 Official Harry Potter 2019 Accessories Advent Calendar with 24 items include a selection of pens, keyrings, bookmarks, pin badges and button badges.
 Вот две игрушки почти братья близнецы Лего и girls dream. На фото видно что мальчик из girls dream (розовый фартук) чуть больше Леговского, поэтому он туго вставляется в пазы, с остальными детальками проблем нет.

* * *

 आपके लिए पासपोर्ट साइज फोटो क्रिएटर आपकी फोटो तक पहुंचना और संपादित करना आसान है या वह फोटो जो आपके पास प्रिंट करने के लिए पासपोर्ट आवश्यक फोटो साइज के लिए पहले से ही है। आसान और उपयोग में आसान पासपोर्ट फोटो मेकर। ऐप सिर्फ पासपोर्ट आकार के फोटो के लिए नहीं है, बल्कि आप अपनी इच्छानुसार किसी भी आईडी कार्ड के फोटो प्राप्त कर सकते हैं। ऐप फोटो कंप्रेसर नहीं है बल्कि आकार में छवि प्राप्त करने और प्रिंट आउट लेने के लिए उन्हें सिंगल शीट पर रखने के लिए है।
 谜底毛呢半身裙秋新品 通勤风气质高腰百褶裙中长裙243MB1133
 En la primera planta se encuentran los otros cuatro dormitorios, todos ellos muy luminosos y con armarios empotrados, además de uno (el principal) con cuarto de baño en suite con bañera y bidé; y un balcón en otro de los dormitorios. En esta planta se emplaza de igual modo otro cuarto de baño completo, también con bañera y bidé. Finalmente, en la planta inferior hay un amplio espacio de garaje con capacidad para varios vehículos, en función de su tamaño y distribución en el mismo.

---

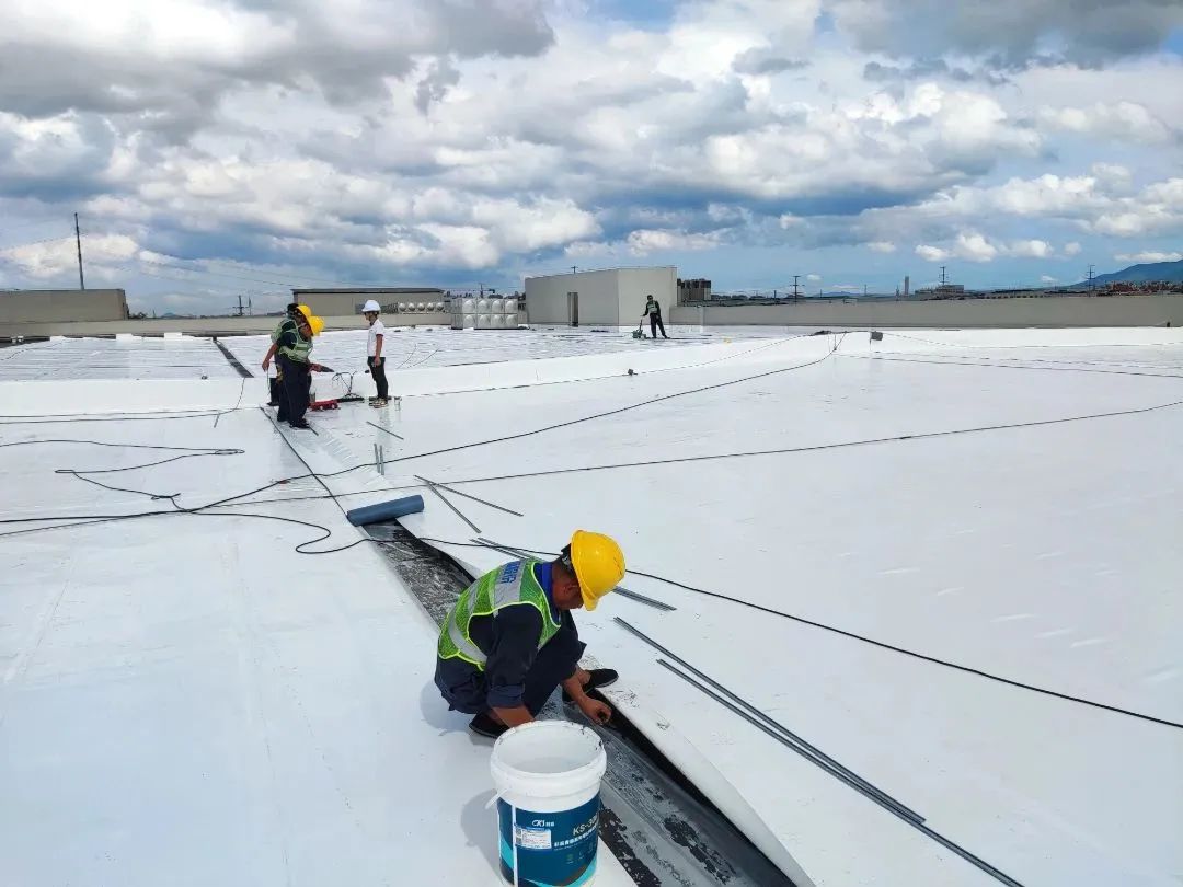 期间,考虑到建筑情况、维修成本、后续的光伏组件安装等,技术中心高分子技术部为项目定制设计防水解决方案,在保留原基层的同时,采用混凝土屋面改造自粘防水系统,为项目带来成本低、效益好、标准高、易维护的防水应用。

◆ Aim of the exercise ◆
Everything from the line with "谜底毛呢半身裙秋新品 通勤风气质高腰百褶裙中长裙243MB1133" through the line with "En la primera" in the listing above must be retyped exactly, with nothing added.

◆ Exercise result ◆
 谜底毛呢半身裙秋新品 通勤风气质高腰百褶裙中长裙243MB1133
 En la primera planta se encuentran los otros cuatro dormitorios, todos ellos muy luminosos y con armarios empotrados, además de uno (el principal) con cuarto de baño en suite con bañera y bidé; y un balcón en otro de los dormitorios. En esta planta se emplaza de igual modo otro cuarto de baño completo, también con bañera y bidé. Finalmente, en la planta inferior hay un amplio espacio de garaje con capacidad para varios vehículos, en función de su tamaño y distribución en el mismo.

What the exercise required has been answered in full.